Right, that’s great and all, but I completely missed my opportunity to be an olympic swimmer, yeah? and can never achieve those dreams I had as a kid? No, not even though. There was this whole thought that female athletes peak when they’re 17 years old and lose their skills quickly after that, and male athletes peak around 19. But then Olympic Swimmer Dara Torres shows up. She was an olympic swimmer when she was 17, 21 and 25. Pretty normal age for retirement. She had a few kids. She kicked butt at being a mom. 

And then at 33 years old she decides she’s bored or something gets back in shape and kicks so much ass at the trials that she lands herself on the Olympic Team ONCE AGAIN. And then 8 years later, she decides, heck I’m 41 now, no one has ever made the olympic swim team as old as I am, I want to get in shape yet again and teach these children how sports work.

And she still has the record for oldest US Olympic Swimmer, not even any men have beat out that record.

So basically what I’m saying is you could be an olympic swimmer, you really could be. And there are obviously a lot of things stopping you and trying to get in your way: your brain, society, too much chocolate cake for example. But if you really dedicate yourself to it and love it with all of your heart you could, you really could.

And lets say olympic swimming isn’t your jam?
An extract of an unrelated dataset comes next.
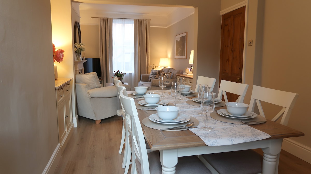 Sobre este espaço: - Localização central fora das muralhas da cidade. - Propriedade de 2 quartos, com a opção de dormir 6 num sofá cama - Cozinha completa, com eletrodomésticos modernos. - Vida luxuosa com Sky TV, Netflix, + Wi-Fi incluído - Sala de jantar espaçosa, mesa para assento 6 - Casa de banho deslumbrante. - Estacionamento gratuito na rua

That’s cool too. There isn’t a single skill in this world that you can’t learn if you absolutely love it and want to. Any skill you want is going to take time. There are countless famous people who started learning a skill after 20, 30, 40, or even 50. Not a single person has even been president under age 35 (most likely because you’re not allowed to be, but there’s a reason for that). Whatever you want to do you’re probably going to be bad at first, and I’m talking really shitty.

Van Gogh got started in his 20′s and was thought to have no artistic talent at first and was forced to sit in the back of classrooms where the worst artists in the class sat. So yeah you’ll probably be bad, like really bad and everyone including you will think you’re bad. If you stick with it though, if you’re willing to work for years and years, if you keep loving it after all the pain it’s given you, 

then you might just paint Starry Night.

image

#looks like there’s still time for me to learn how to draw

… YES. As someone who started drawing at 35 and who always was like: ‘eh, I can’t draw a stick figure to save my life, but I would love to be able to’ this is near and dear to my heart. If you want to draw, start drawing. Keep drawing. Be shit at drawing at first. Keep it up, doodle things on scraps but also draw stuff you don’t think you can draw. Challenge yourself, you will be surprised what you can do. It will be frustrating at times, but it will also be awesome. It is SO much a matter of practice and dedication, not talent.

This applies for writing, too.  

Don’t ever think for a second that it doesn’t!  Want to start writing?  Then write!  You will get better the more you write, the more often, and you will improve, all of the time, as long as you dedicate yourself.  

And don’t forget music.

My dad is in his late 50′s, decided he wanted to learn guitar, and is going for it.  He’s learning finger picking style.  He sounds good, even though he has no natural musical talent and no training.  (He says he doesn’t sound good, but we’re working on that little self-esteem issue.)

Meanwhile, me?  I have a lifetime of musical training, excellent ear, and I’m just learning basic chords on guitar.  Been self-teaching longer than he has, and technically speaking dad’s waaaay better.